What can we empirically derive about the concept of "property ownership"/"property rights" from evaluating fundamental science and math?

Pretty much nothing. "Property ownership" is a human concept, based primarily upon other concepts such as "property" and a human's ability to "own".

Well, I should give you that such concepts are defined and agreed upon, not within science, but within certain societies (not all societies, such as early man who could clearly take whatever they wanted by force). But, we should ask, what is the inherent value to honoring what that society has agreed upon?

Well, such agreements are laid out in something I would like to refer to as a "social contract". Essentially, it is an agreement that is the cornerstone to a society, in which the members within implicitly agree to follow such. To break it down, societies consist primarily of the owners and the owner-less. Of the few powerful, and the many who can be thought of as powerless. But those who do not own or wield power have numbers, and together, more power than the upper echelon of society. These masses, can take whatever they want, whenever they want. But they do not, because they normally prefer security, a functioning society, and benefits they ask for, in return for preserving the rule of law. The powerful need to pacify the masses, so that they may continue to profit.
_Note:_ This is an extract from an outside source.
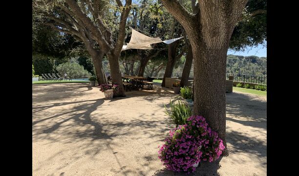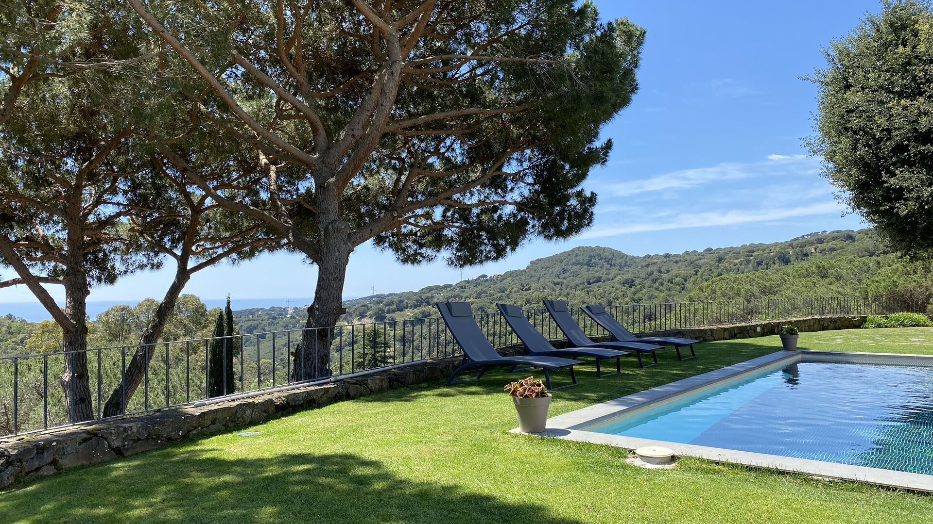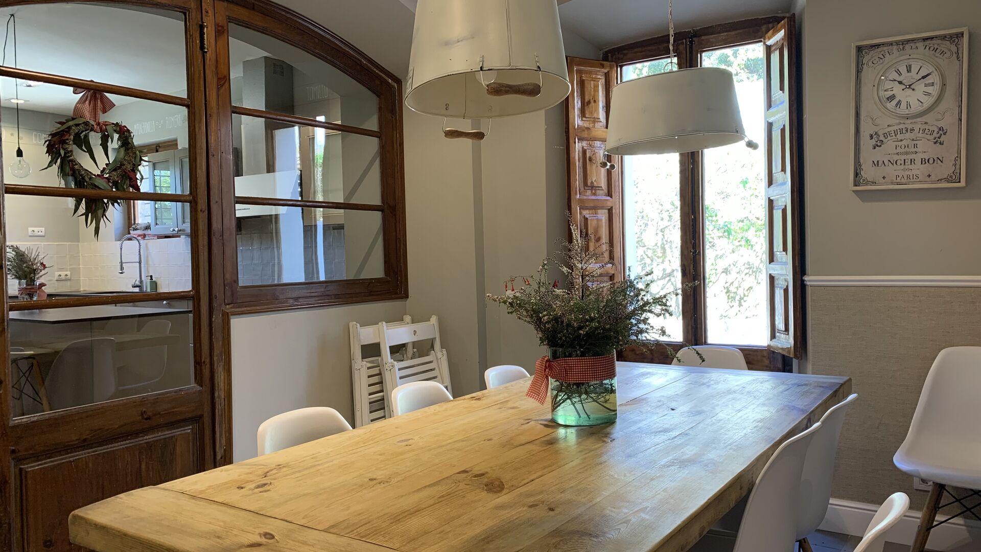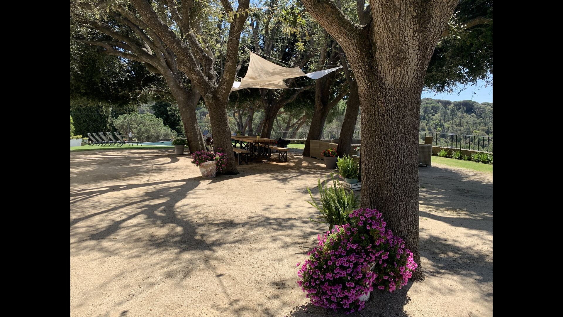 Junto al área de la piscina se encuentra un área sombreada con una gran mesa de comedor, que también comparte la increíble vista desde la piscina. El lugar perfecto para disfrutar de comidas al aire libre o de una copa con todo el grupo de vacaciones, en el cálido clima catalán.

They must negotiate and find out what they can cost-effectively give the masses, such that the masses follow and do not rebel from the contract (being that each side is essentially extorting each other with the threat of force, we can call this mutual agreement to play nice "cooperative extortion"). The negotiation, agreement, or "social contract" stipulates that the upper class must follow certain rules and give certain demanded benefits, such that the lower classes continue to be good citizens and workers (and this is a fluid contracts, which can be renegotiated based on the ability of the upper class to give, and the condition of the lower-class). But, if such a contract is broken by either side, then no such concepts of "property rights" or even inherent "God-given" rights exist. Only anarchy exists (or totalitarianism), so it is within the interest of the upper class to always work to preserve the social contract (as it is within the interest of the lower classes). Only with the social contract, can they ever securely own any thing and can they ever "earn" more. Otherwise, the group or class with the most might will always seize the most assets in the end, which historically has proven to be the masses.

I guess in conclusion, perhaps I feel as if our "social contract" has been consistently broken, which nullifies the concept of "property rights". He no more owns that, than a mass of armed people who may try and take it from him, hypothetically speaking of course (they would need to organize and demand it first).

Further, in the same regard, if we were to consider there is no breach of the "social contract", then we do in fact have a "right" to that money (if we demand it as so), because we have abided by the contract while allowing him to accumulate it. We have worked for him, we have created a safe environment, we have created a strong economy, we have been paid un-proportionally to our work, we have respected the property rights of his business partners (helping him do business), etc. We have a "right" to our cut.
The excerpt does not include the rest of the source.